For example, to allow roughly 32 concurrent HTTP/1 streams per provider origin:

```elixir
# config/runtime.exs
round_robin = Finch.Pool.Strategy.RoundRobin.new()

config :req_llm,
  stream_pool_timeout: 300_000,
  stream_pool_protocols: [:http1],
  stream_pool_size: 1,
  stream_pool_count: 32,
  stream_pool_strategy: {Finch.Pool.Strategy.RoundRobin, round_robin}
```

### HTTP/2 Configuration (Advanced)

Use HTTP/2-only when all target providers support HTTP/2:

```elixir
config :req_llm,
  stream_pool_protocols: [:http2],
  stream_pool_count: 8
```

Use mixed HTTP/1+HTTP/2 ALPN pools with caution. They may fail with request bodies larger than 64KB:

```elixir
config :req_llm,
  finch: [
    name: ReqLLM.Finch,
    pools: %{
      :default => [protocols: [:http2, :http1], size: 1, count: 8]
    }
  ]
```

### Custom Finch Instance Per-Request

```elixir
{:ok, response} = ReqLLM.stream_text(model, messages, finch_name: MyApp.CustomFinch)
```

## Streaming Request Transforms

ReqLLM provides two hooks for modifying a `Finch.Request` struct just before a streaming request is sent (to align with a similar ability present in `Req`) — useful for injecting headers, adding tracing metadata, or other environment-specific concerns.

### `finch_request_adapter` (config-level)

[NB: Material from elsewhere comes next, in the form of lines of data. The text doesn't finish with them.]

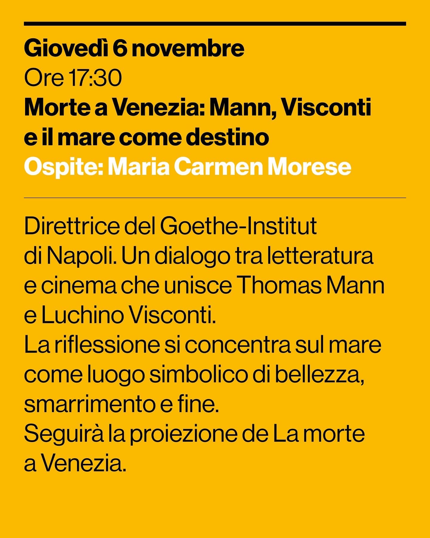 La riflessione si concentra sul rapporto tra l’autore tedesco, il regista e il mare come luogo simbolico di bellezza, smarrimento e fine.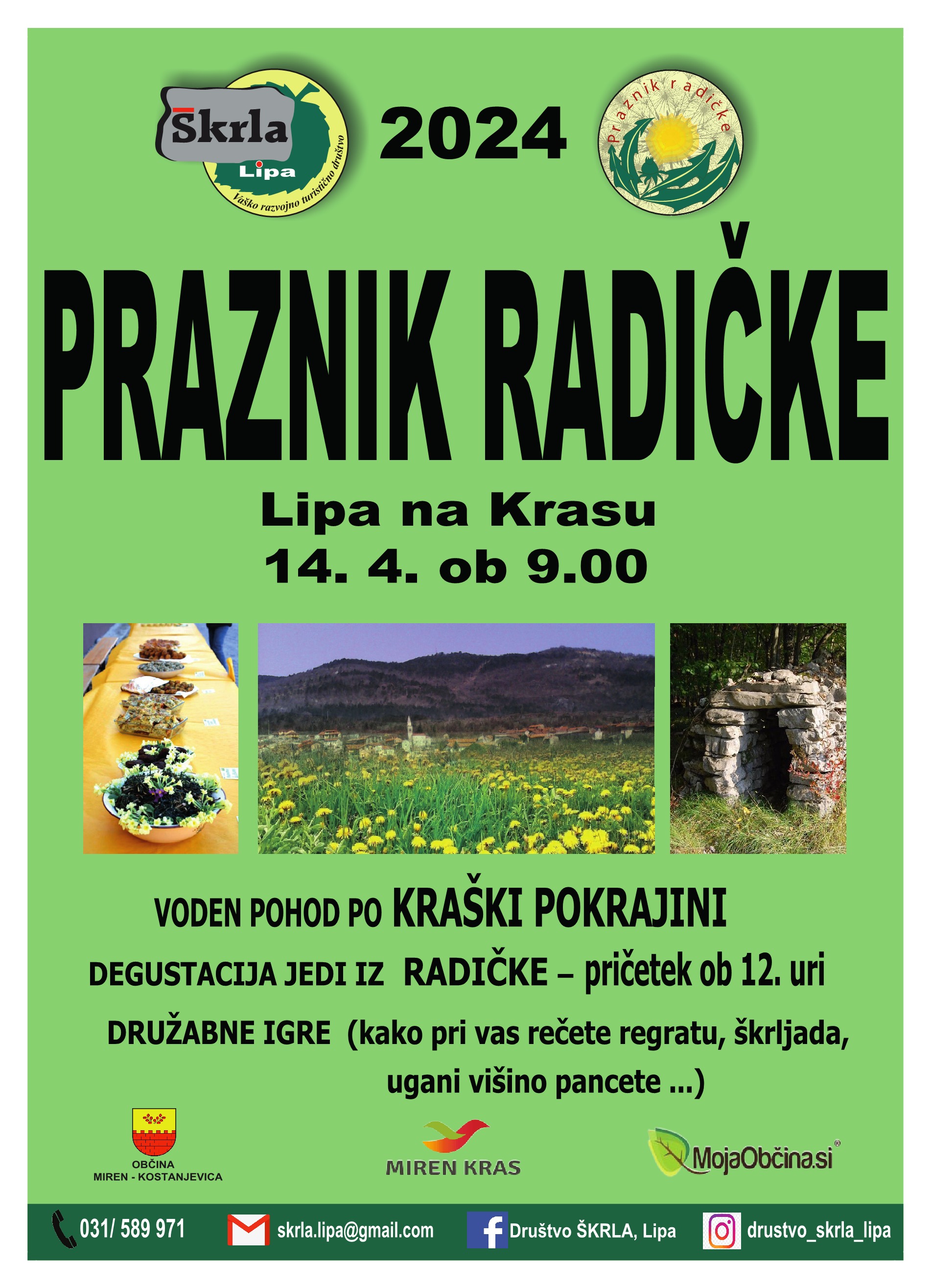 »Praznik radičke«, rekreativno - kulinarična prireditev, ki jo v Lipi na Krasu 14. 4. 2024, že šestič organizira Društvo Škrla. V Lipo ste na aprilsko nedeljo vabljeni ljubitelji narave in kulinarike. Tokrat bo voden pohod potekal po gmanji, južno od vasi, kjer si bomo ogledali kraške pojave, pastirske hiše, jame, kamnolom in še mnogo drugega.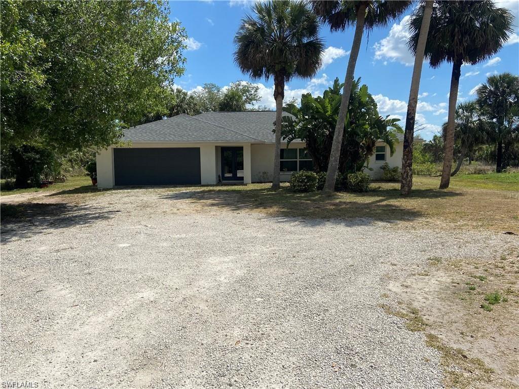 Get ready to be impressed by this beautifully revamped home, nestled on almost 3 acres of 100% upland. The layout is open and airy, with ample-sized rooms, including both a living area and a cozy family room. Throughout the home, you'll find striking 20" x 20" porcelain titles, brand-new wood cabinetry in the kitchen, and stunning natural quartzite countertops. The home features elegant crown molding, large 6" baseboards, and sleek custom floating vanities in both bathrooms. Additional perks include a modern bioethanol fireplace, hurricane-grade windows and doors, and much more! The expansive, tiled, screened-in lanai is built with strong aluminum columns and framework. Plus, there's a roomy two-car garage and an indoor utility area. This is a must see, showcasing all the upgrades with pride! MOTIVATED SELLER!! CONTRIBUTING TOWARDS BUYERS CLOSING COSTS!!!! ENTIRE HOME REVERSE OSMOSIS, ROOF 2019, AC 2023

Set a module that implements the `ReqLLM.FinchRequestAdapter` behaviour. Because config files cannot hold anonymous functions, this mechanism requires a named module.

```elixir
# config/test.exs
config :req_llm, finch_request_adapter: MyApp.TestFinchAdapter
```

```elixir
defmodule MyApp.TestFinchAdapter do
  @behaviour ReqLLM.FinchRequestAdapter

  @impl true
  def call(%Finch.Request{} = request) do
    %{request | headers: request.headers ++ [{"x-test-env", "true"}]}
  end
end
```

### `on_finch_request` (per-request)

Pass an anonymous function `(Finch.Request.t() -> Finch.Request.t())` as a per-call option:

```elixir
ReqLLM.stream_text("openai:gpt-4o", "Hello",
  on_finch_request: fn req ->
    %{req | headers: req.headers ++ [{"x-request-id", UUID.generate()}]}
  end
)
```

### Precedence

Both mechanisms can be combined. The config-level adapter is applied first, then the per-request callback. Each step receives the output of the previous one.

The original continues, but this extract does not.